Images in the data are to be skipped, while every line is restated exactly as written.

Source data
#####

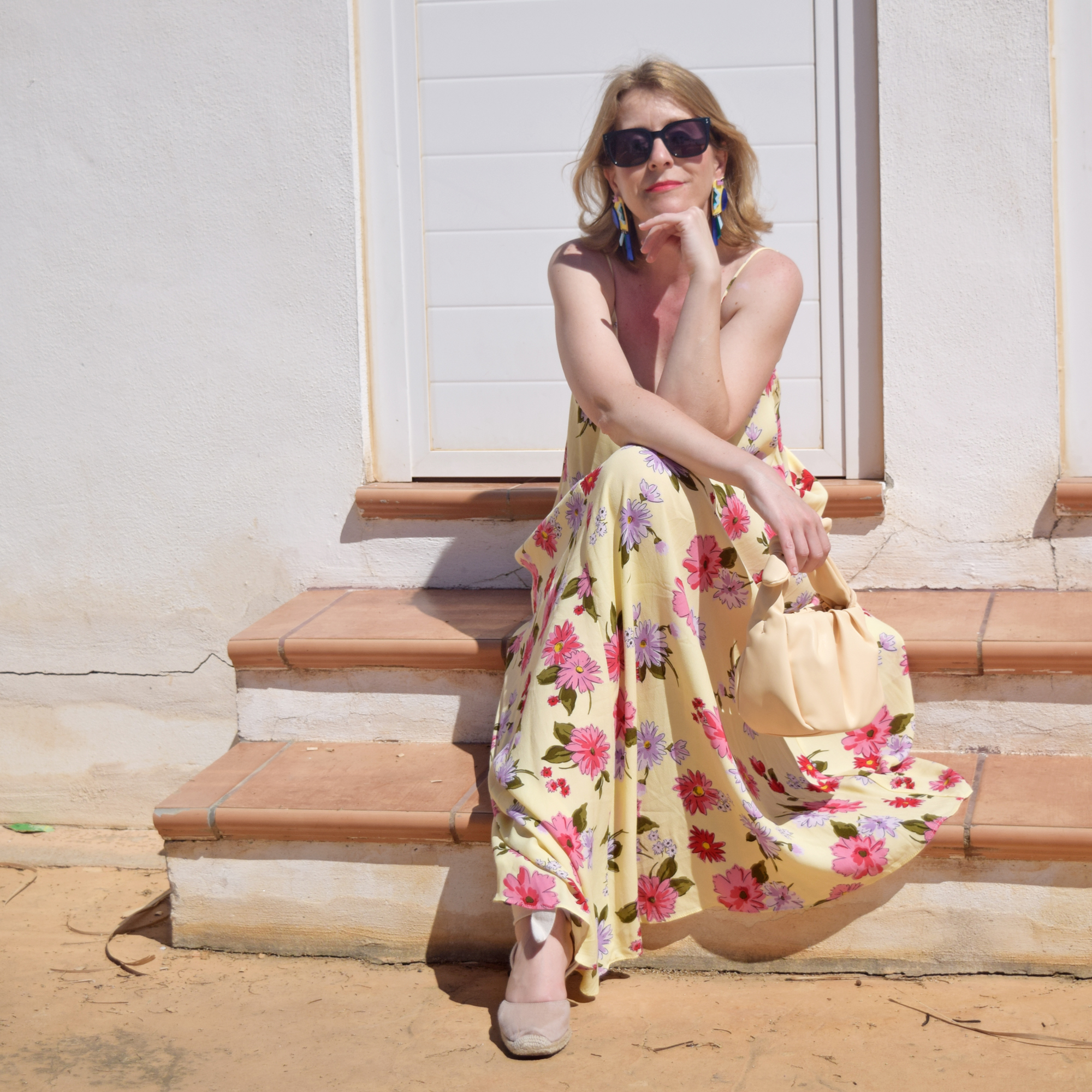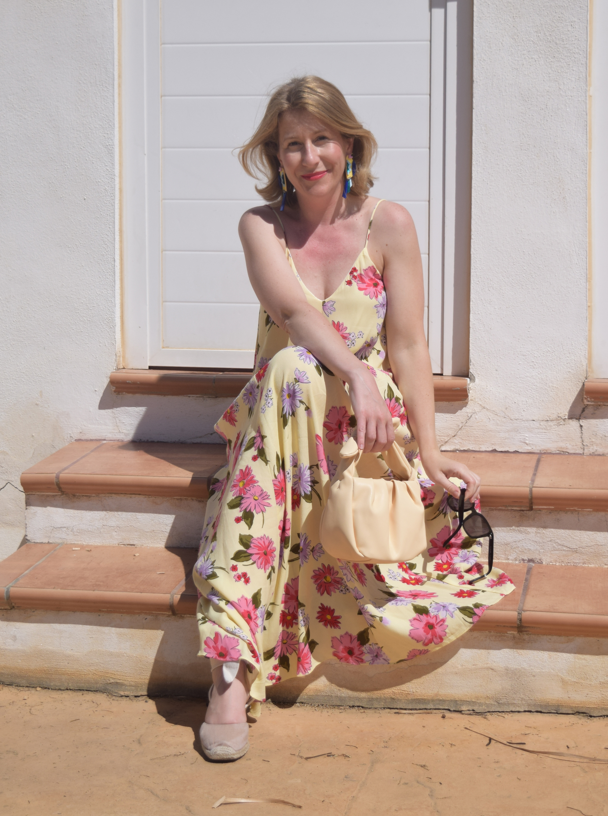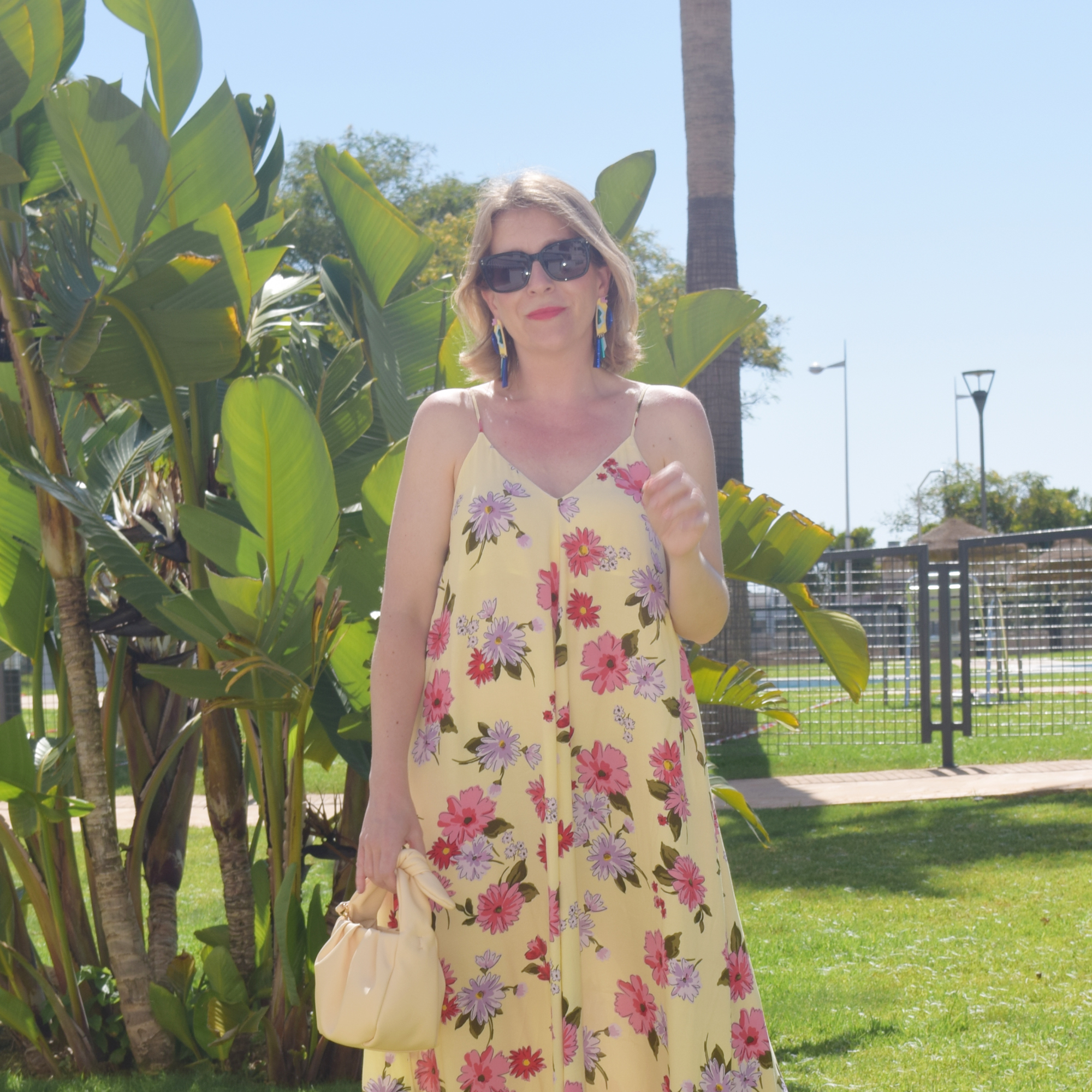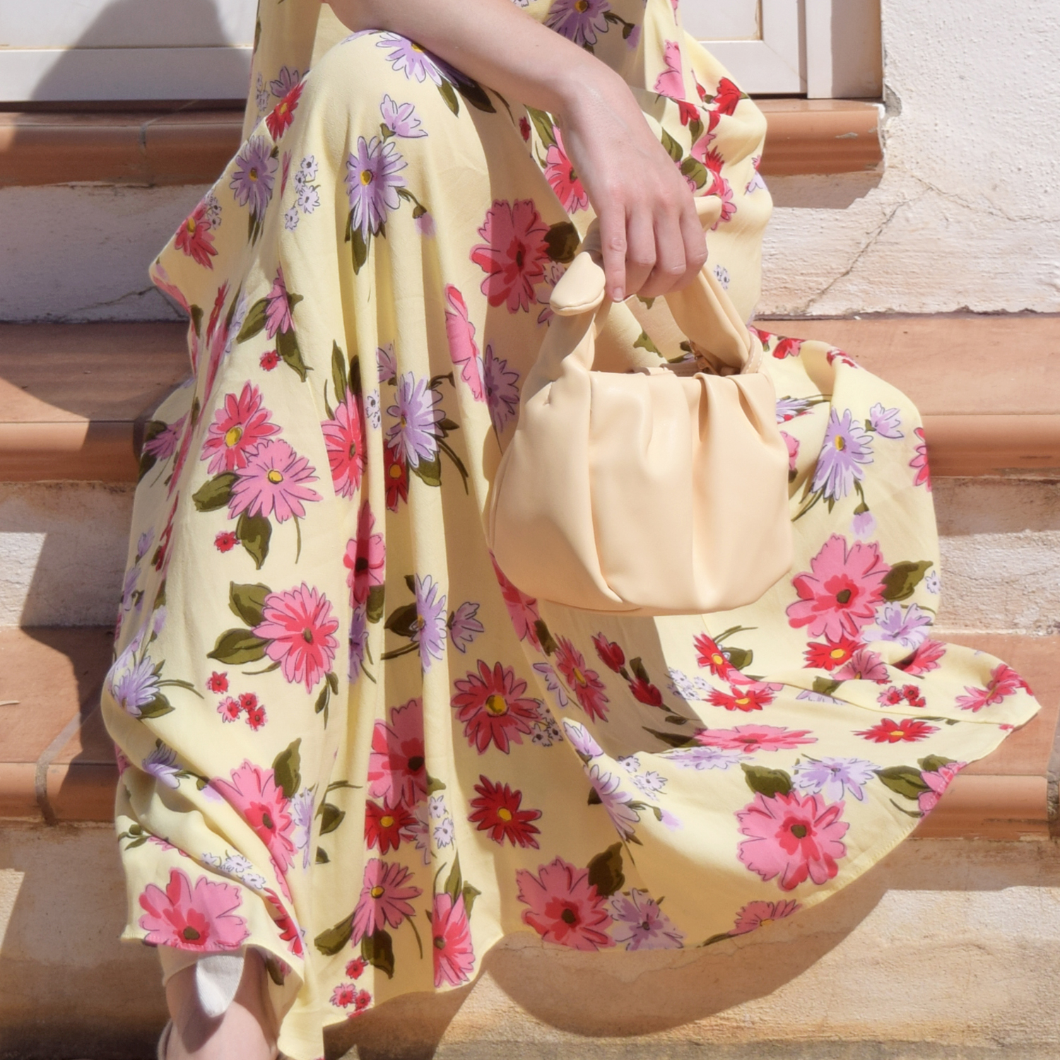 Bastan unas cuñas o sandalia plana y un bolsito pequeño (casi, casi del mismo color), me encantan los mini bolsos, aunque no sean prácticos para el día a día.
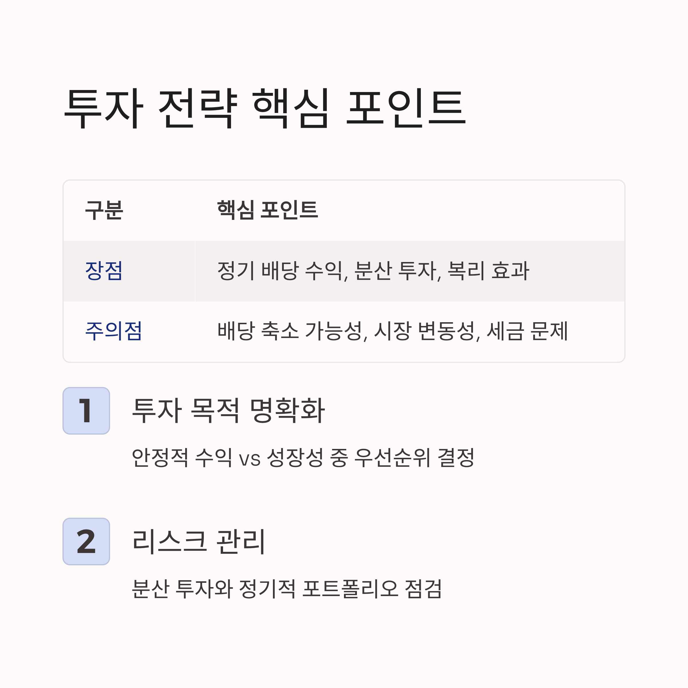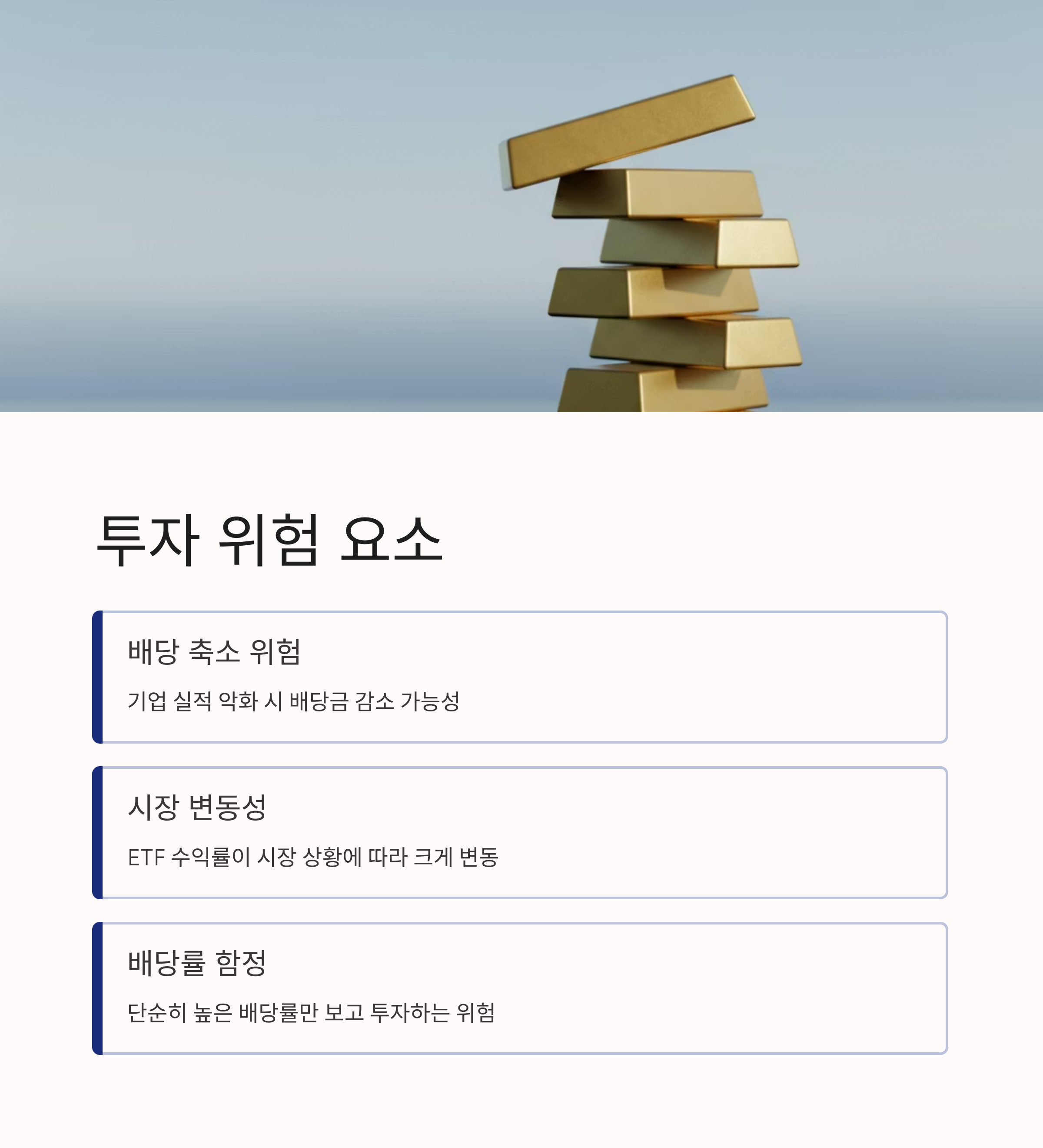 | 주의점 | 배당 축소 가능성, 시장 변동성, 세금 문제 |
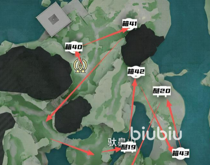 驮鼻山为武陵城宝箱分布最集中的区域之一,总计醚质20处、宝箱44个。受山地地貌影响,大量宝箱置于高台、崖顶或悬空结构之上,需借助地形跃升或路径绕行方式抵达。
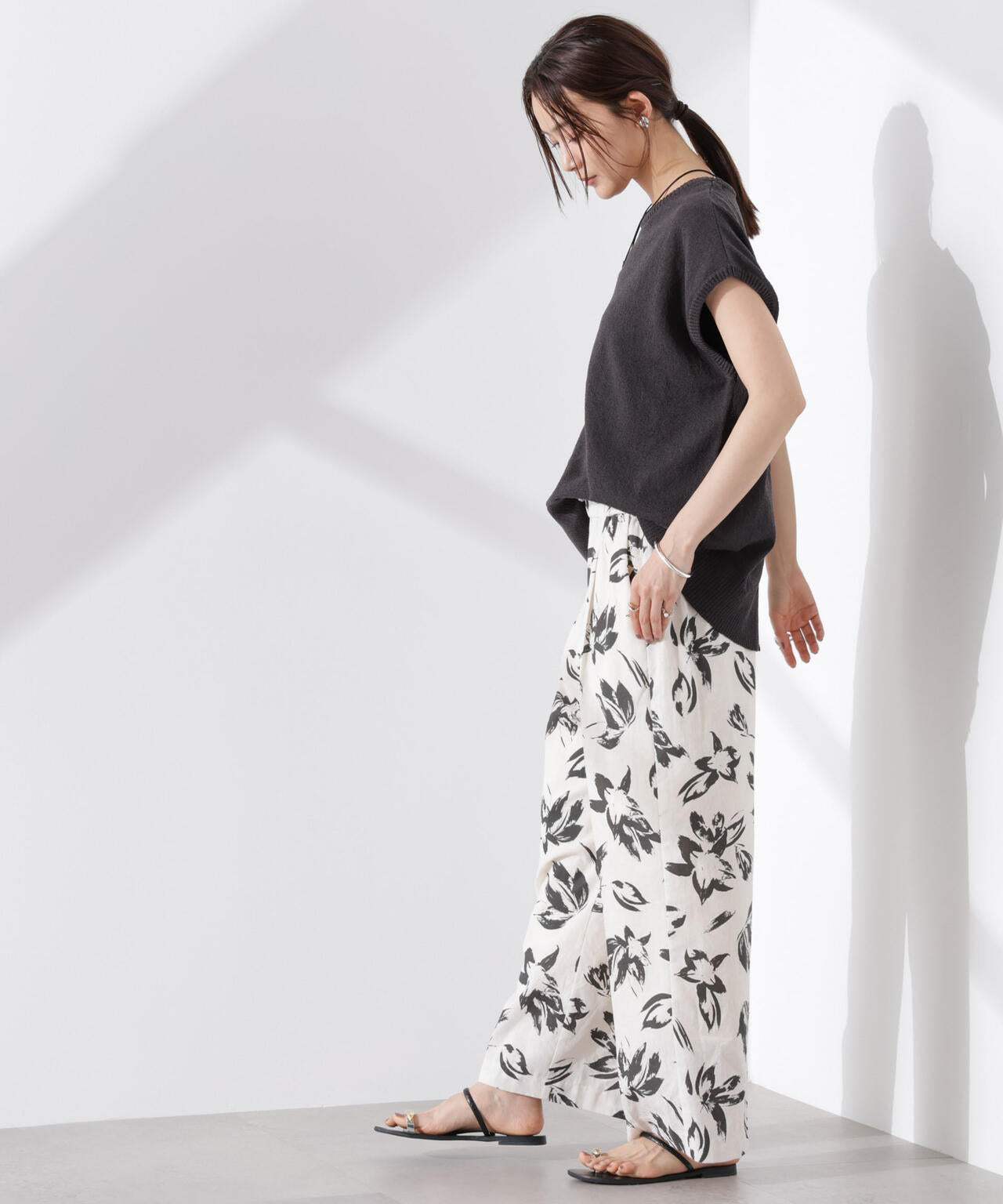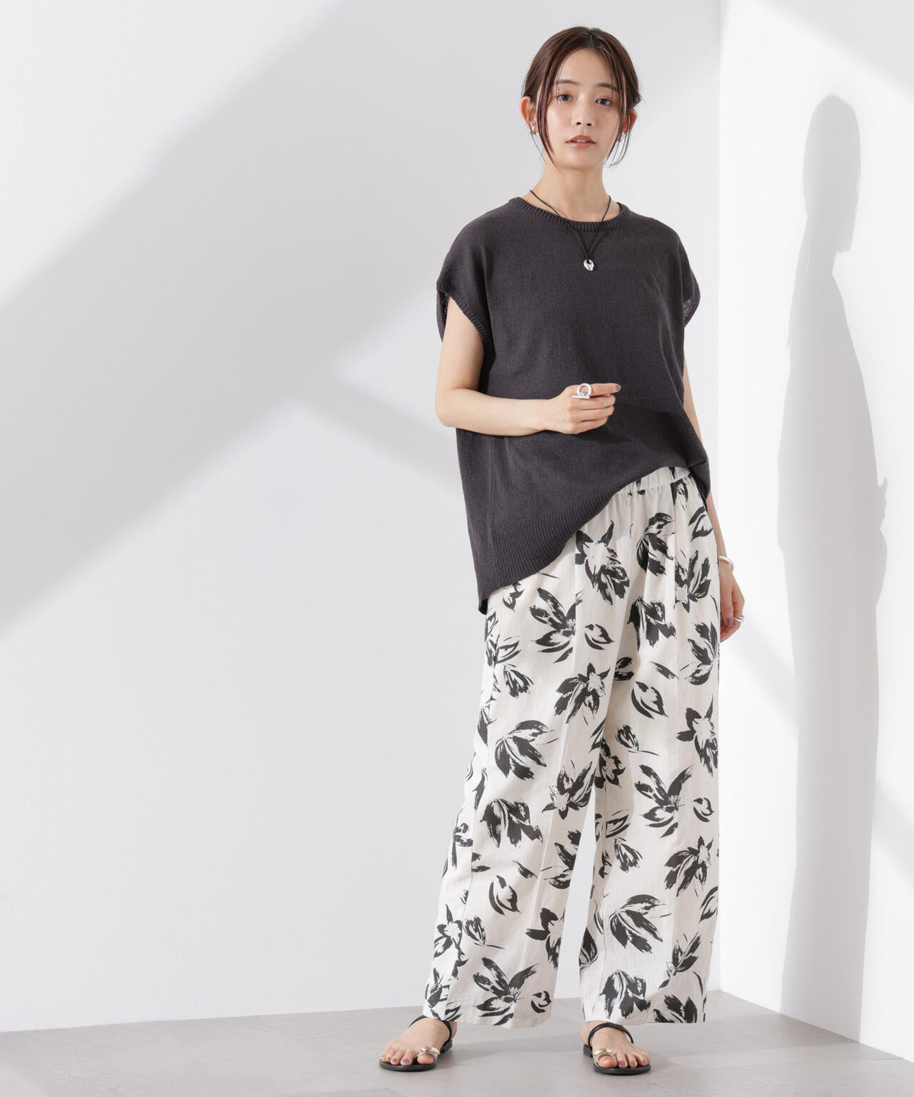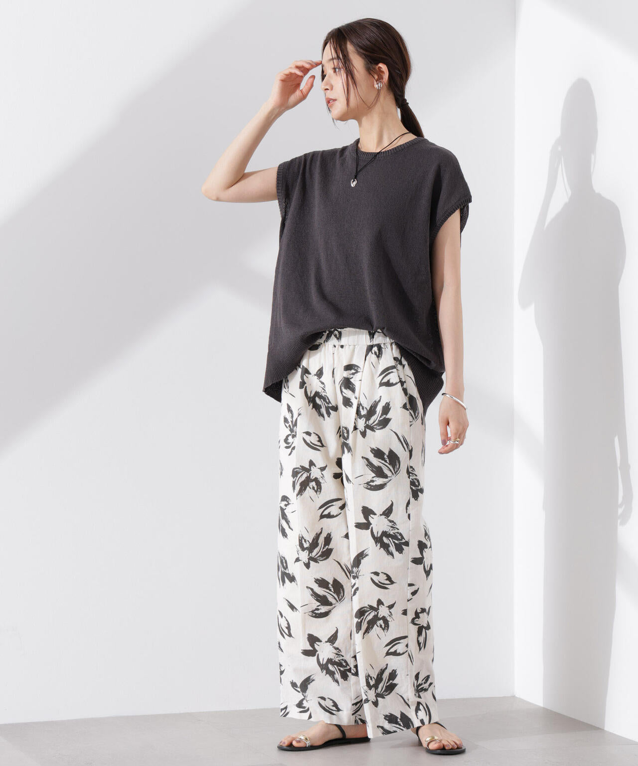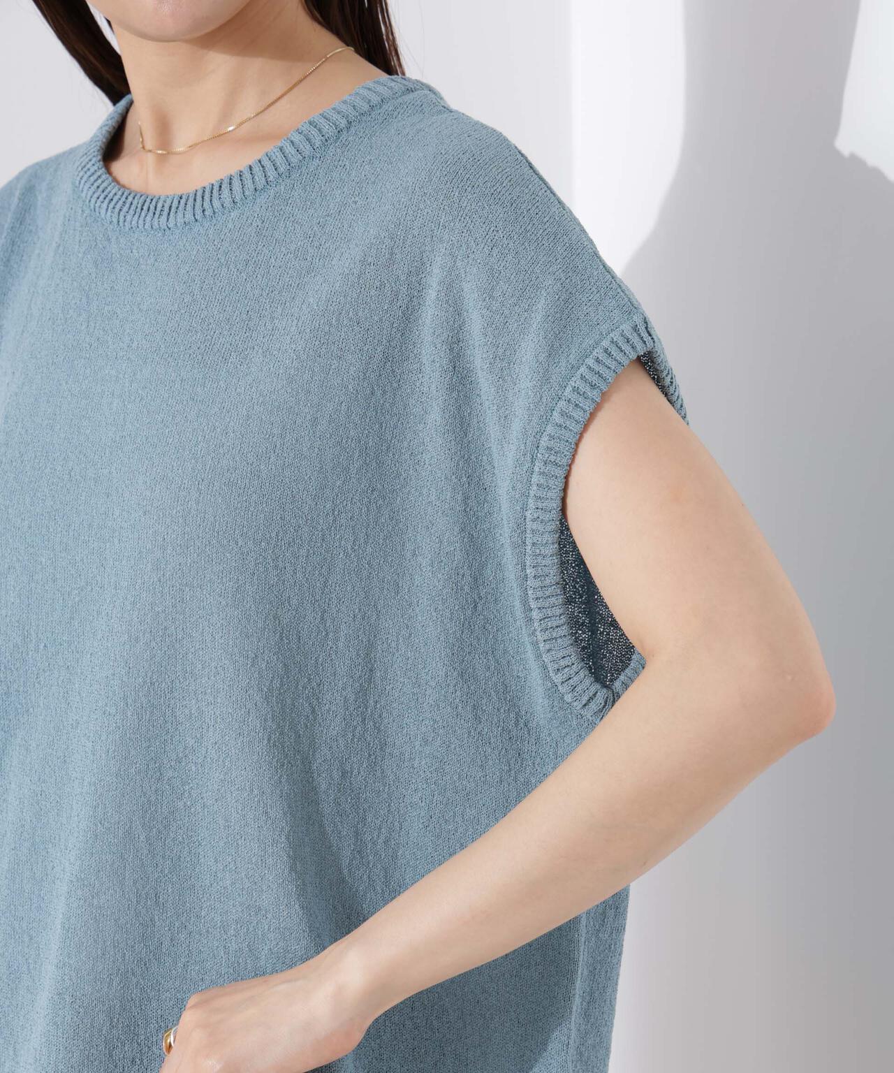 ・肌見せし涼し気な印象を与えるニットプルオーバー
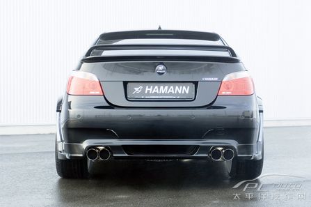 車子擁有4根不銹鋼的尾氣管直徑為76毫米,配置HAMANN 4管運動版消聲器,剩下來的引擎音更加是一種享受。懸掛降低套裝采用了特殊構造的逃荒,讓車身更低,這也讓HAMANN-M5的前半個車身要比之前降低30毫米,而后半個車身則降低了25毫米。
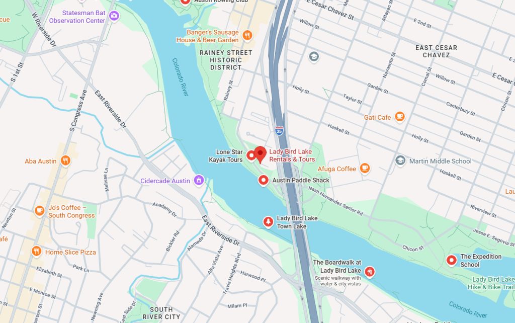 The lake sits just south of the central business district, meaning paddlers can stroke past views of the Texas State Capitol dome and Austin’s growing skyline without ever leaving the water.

#####

Exercise answer
 Bastan unas cuñas o sandalia plana y un bolsito pequeño (casi, casi del mismo color), me encantan los mini bolsos, aunque no sean prácticos para el día a día.
 | 주의점 | 배당 축소 가능성, 시장 변동성, 세금 문제 |
 驮鼻山为武陵城宝箱分布最集中的区域之一,总计醚质20处、宝箱44个。受山地地貌影响,大量宝箱置于高台、崖顶或悬空结构之上,需借助地形跃升或路径绕行方式抵达。
 ・肌見せし涼し気な印象を与えるニットプルオーバー
 車子擁有4根不銹鋼的尾氣管直徑為76毫米,配置HAMANN 4管運動版消聲器,剩下來的引擎音更加是一種享受。懸掛降低套裝采用了特殊構造的逃荒,讓車身更低,這也讓HAMANN-M5的前半個車身要比之前降低30毫米,而后半個車身則降低了25毫米。
 The lake sits just south of the central business district, meaning paddlers can stroke past views of the Texas State Capitol dome and Austin’s growing skyline without ever leaving the water.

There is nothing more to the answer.